Les assurances valident aussi une nouvelle CCT

17 Mai 2018 Par Jean-Michel Hennebert
La nouvelle convention collective signée entre les partenaires sociaux des assurances est valable pour la période 2018-2020. Et introduit de nouveaux avantages aux 7.100 salariés du secteur.
(Photo: Maison moderne / archives)

Deux jours après l’annonce la validation de l’accord entre partenaires sociaux du secteur bancaire, représentants de l’Association des compagnies d’assurance (ACA) et syndicats annoncent la signature d’un nouveau cadre légal du secteur valable entre 2018 et 2020.
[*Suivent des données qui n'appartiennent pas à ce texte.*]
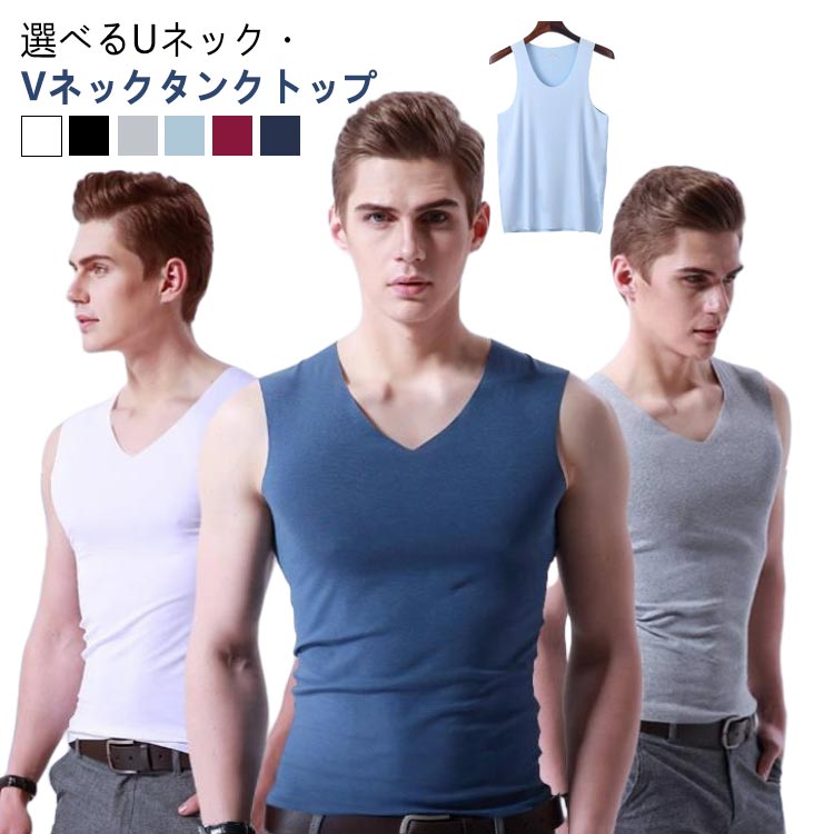 メンズ インナーシャツ 接触冷感 インナーシャツ アンダーウエア ノースリーブ 吸汗速乾 【6枚セット】選べるUネック・Vネックタンクトップ ストレッチ 肌着 涼しい タンクトップ 薄手 トップス 夏用 袖なし ビジネス スポーツ カジュアル レイヤード シームレス
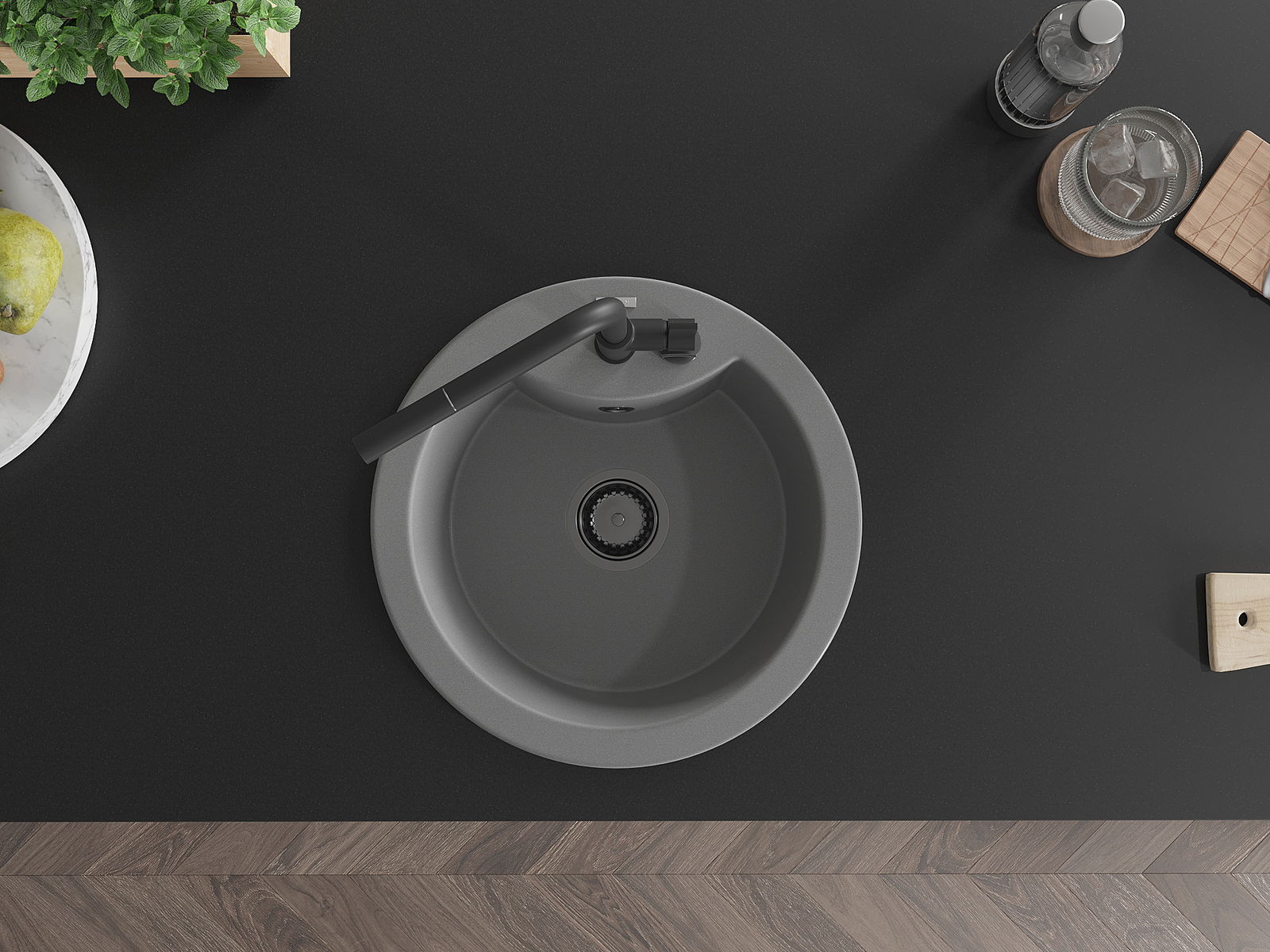 Den Ëmwäschbecken ass aus héichwäertege Granit gemaach. Et stellt eng elegant awer virun allem praktesch Ergänzung fir all Kichen duer, onofhängeg vun hirem Stil. Déi héich Qualitéit an Haltbarkeet vum Granit suergen fir méi järelaang Benotzung.
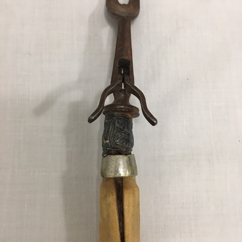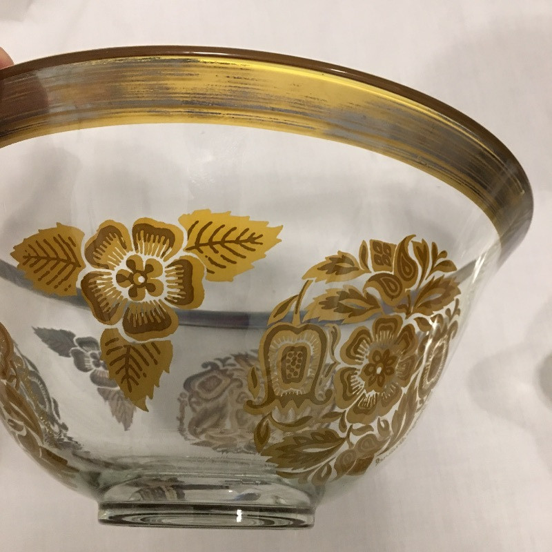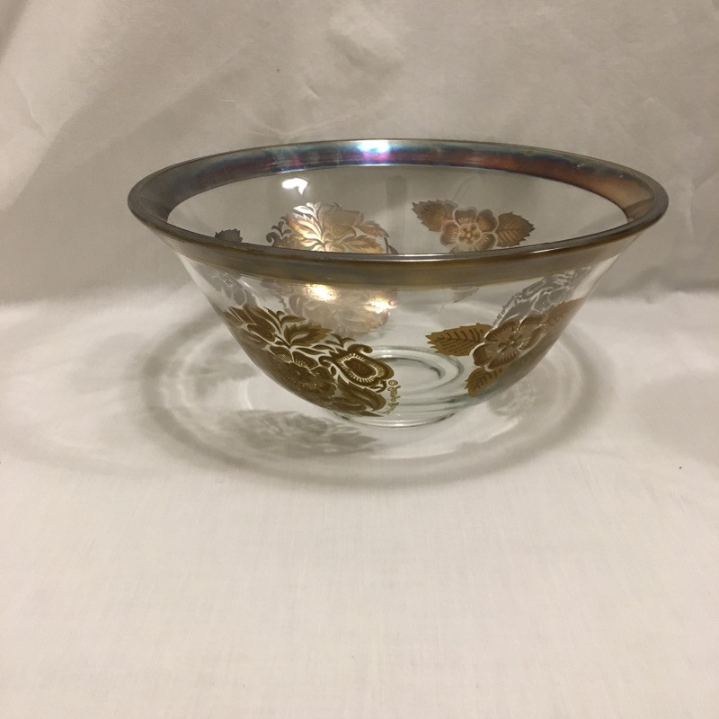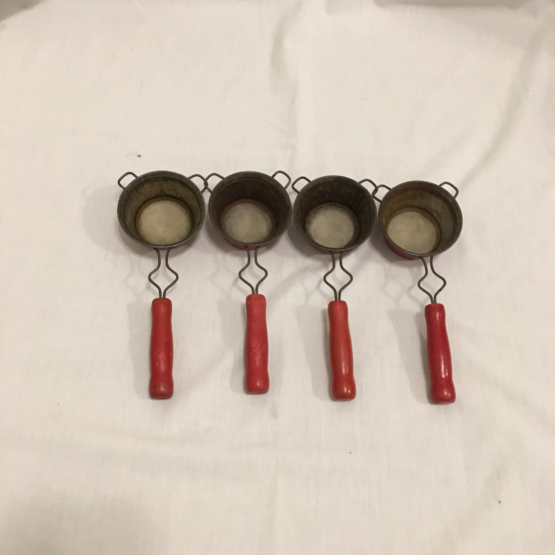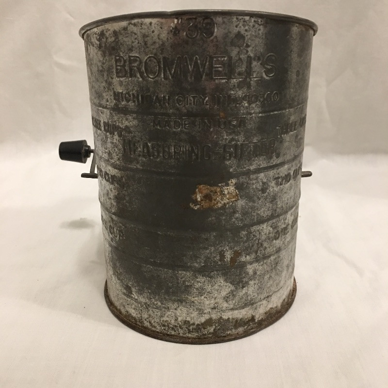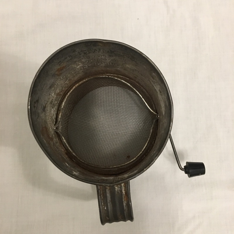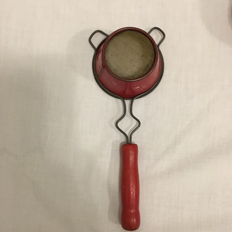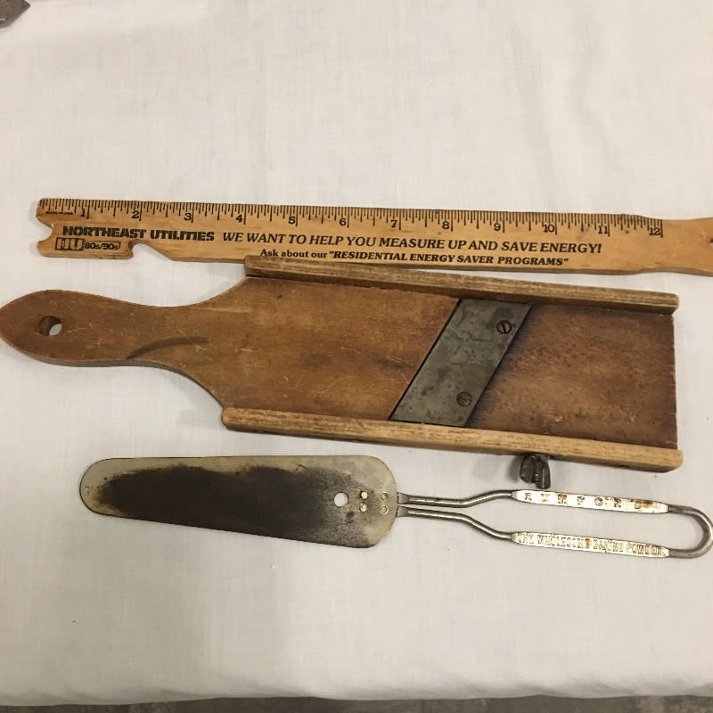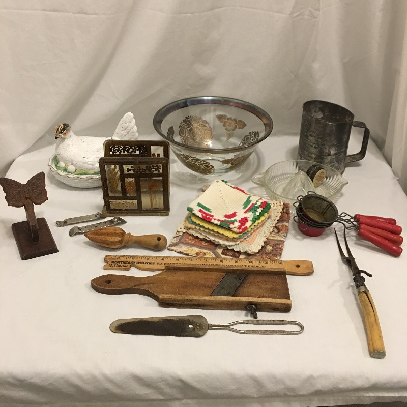 There is a great mix of items in this eclectic mix of vintage kitchen ware that includes fa lour sifter, juicer, four strainers, ruler, glass bowl, serving fork, napkin holder, mandolin and more. Bowl measures 10”D x 4.75” tall.

Si les discussions dans le secteur des banques ont été longues, parfois houleuses et le plus souvent sous les projecteurs médiatiques, celles menées dans celui des assurances ont été discrètes. Au point que l’annonce, ce jeudi, d’un accord entre partenaires sociaux apparaît presque comme une surprise. Voire comme une antithèse de ce qui s’est passé au cours des 18 derniers mois avec l’ABBL.

Dans un communiqué commun, ACA, Aleba, LCGB-SESF et OGBL-SBA indiquent que «le dialogue social a été efficace et respectueux des intérêts de chaque partie et que les résultats de ces négociations sont profitables au secteur de l’assurance, à ses entreprises et à ses salariés».

7.100 salariés dans les assurances

Concrètement, la nouvelle convention collective introduit une série d’avantages, dont le versement d’une prime de conjoncture «en 2018, 2019 et 2020» et l’attribution d’une prime exceptionnelle «en 2018 et en 2020», le rehaussement des barèmes de départ pour les nouveaux engagés «en 2018, 2019 et 2020» ou bien encore un droit à la formation de 40 h par an «dont un minimum de 20 h non liées à des obligations réglementaires» et un droit à l’établissement d’un plan individuel de formation annuel. Le texte doit désormais être validé par les différentes parties prenantes.

Selon les dernières données du Commissariat aux assurances, ce secteur emploie quelque 7.100 personnes sur la Place pour une somme des bilans dépassant les 225 milliards d’euros, dont les trois quarts proviennent des revenus issus de la branche vie. À titre de comparaison, les banques emploient de leur côté quelque 26.100 personnes et apportaient plus de 4.000 millions d’euros au budget de l’État, soit 28% des recettes totales, selon les données de l’ABBL.